The better approach: centralised, serialised vacuums
Instead of tying vacuums to individual models, we can run them at the end of the run, after all models have been built, and process them one by one. Here’s the general idea:
- Track which incremental models were run successfully.
- At the end of the run, loop through those models and issue a VACUUM statement.
- Run that loop serially to avoid concurrency issues.
This can be implemented using a run-operation macro and a run-level post-hook.
Step 1: Add a run-level post-hook
In your dbt_project.yml
:
on-run-end:
- "{{ vacuum_incremental_models(results) }}"

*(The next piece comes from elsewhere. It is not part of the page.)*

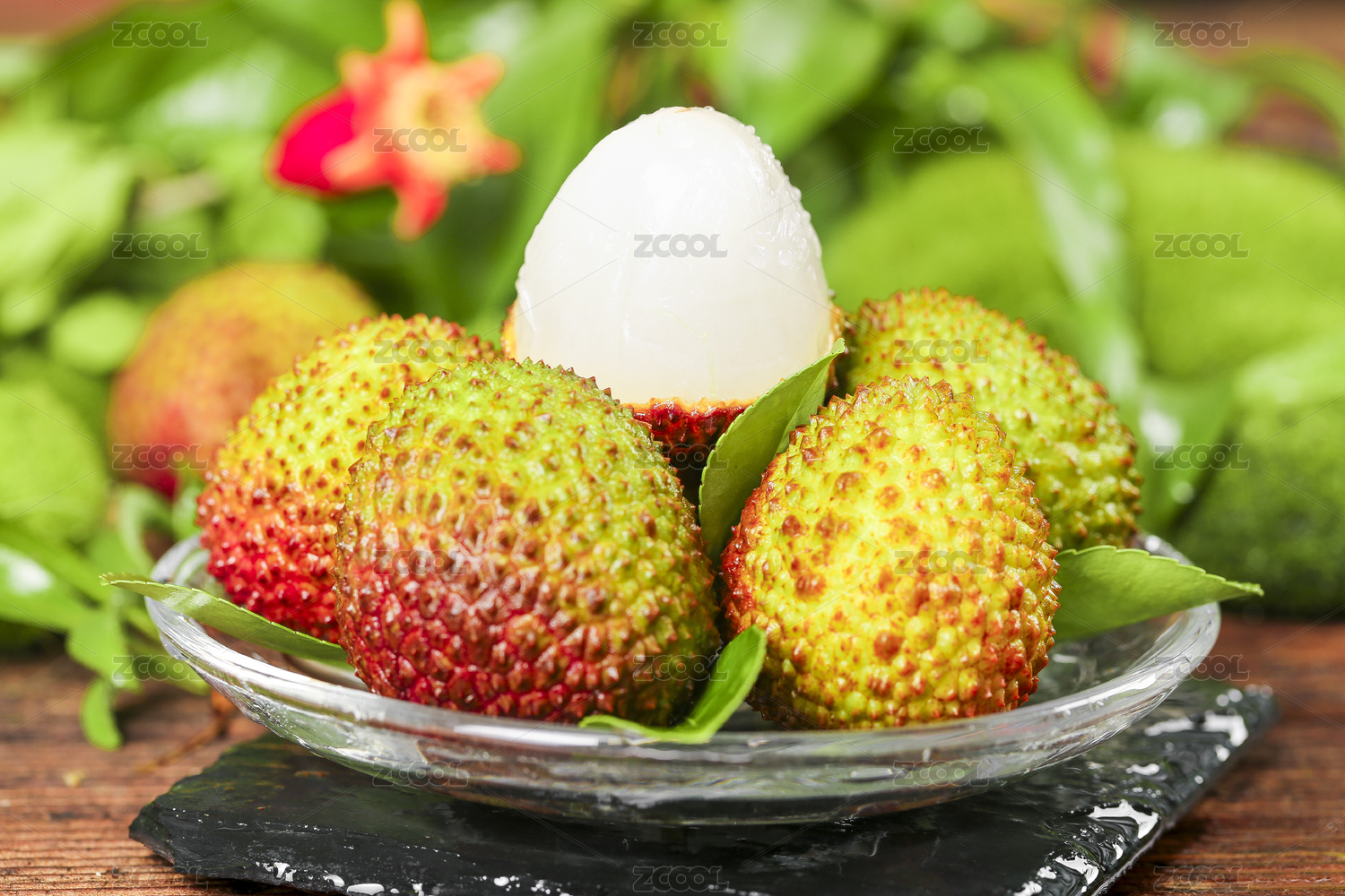 盘子里装着新鲜妃子笑和妃子笑果肉

This macro will receive the full results object from the dbt run and can use it to identify which models to vacuum.
Step 2: Write the macro
In macros/vacuum_incremental_models.sql
:
{% macro vacuum_incremental_models(results) %}
{% for result in results %}
{% if result.status == 'success' and result.node.resource_type == 'model' %}
{% set materialized = result.node.config.materialized %}
{% if materialized == 'incremental' %}
{% set schema = result.node.schema %}
{% set table = result.node.alias %}
{% set sql %}
vacuum {{ schema }}.{{ table }};
{% endset %}
{{ log("Running vacuum on " ~ schema ~ "." ~ table, info=True) }}
{% do run_query(sql) %}
{% endif %}
{% endif %}
{% endfor %}
{% endmacro %}
Benefits with this approach:
- You can still run dbt run with multiple threads
- Models execute in parallel
- Vacuums are executed safely at the end, one by one
- Your DAG stays healthy and error-free